There seems to be some confusion between the likelihood, log-likelihood, baseline hazard, and log-baseline-hazard. The difference between the likelihood and log-likelihood is purely numeric. That is, the same model can be written for either the probability or log scale. This is distinct from the difference between modelling the baseline-hazard directly, and modelling the log-baseline-hazard. These are two different models and will have different (log-)likelihoods.

Using the notation from http://arxiv.org/abs/2002.09633, choosing to model the log-baseline-hazard results in an

\int_{0}^{T_{i}} \exp\{B(z; \gamma, \kappa, \delta)\}\text{d}z

term (where B(z; \cdot) is a function that returns the appropriate B-spline basis evaluated at z), which is intractable and must be computed numerically (as rstanarm::stan_surv / rstanarm::stan_jm do).

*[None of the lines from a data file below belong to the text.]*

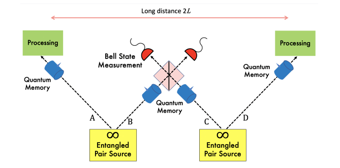 使用量子中繼器的遠(yuǎn)程糾纏分布,允許小型和大規(guī)模量子處理器之間基于糾纏的協(xié)議。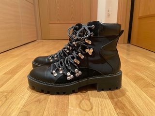 Zapatos negros con cordones y suela gruesa. Apenas usados. Los habré utilizado 2 o 3 veces. Piel sintética, veganos. - Diseño tipo botín. - Ojales metálicos para los cordones. - Tira en el talón para facilitar el calce.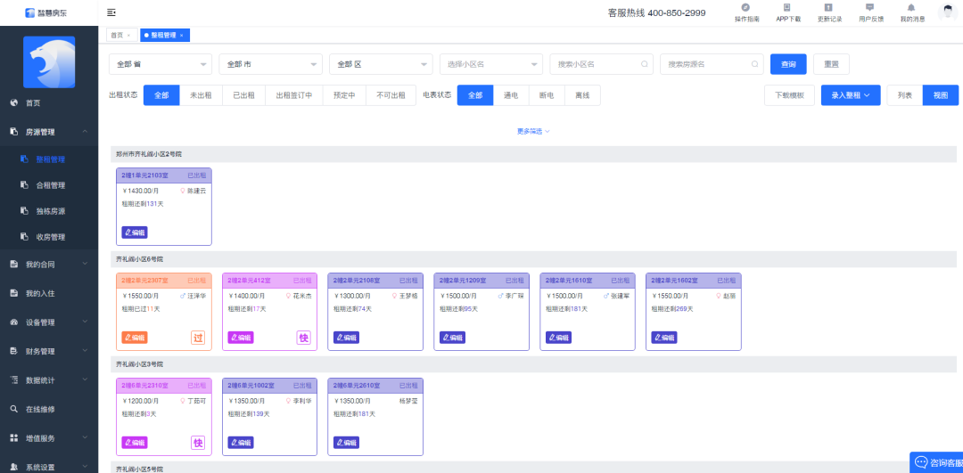 接入智慧房东系统后,房源状态会使用不同的颜色标记出来,让管理员一目了然;用户的入住/退宿/换宿业务可全程通过智慧房东软件进行在线操作,原来可能需要1小时甚至更多的时间来处理,现在仅需5分钟即可轻松搞定。

Alternatively, if you model the baseline-hazard directly, you end up with a

\log\left(\int_{0}^{T_{i}} B(z; \gamma, \kappa, \delta)\text{d}z \right)

term in the log-likelihood, which is tractable (and the integral is implemented by splines2::ibs). The constraint here is that the baseline hazard must be positive for all z, so the coefficients of the spline (\gamma) must be constrained to be positive.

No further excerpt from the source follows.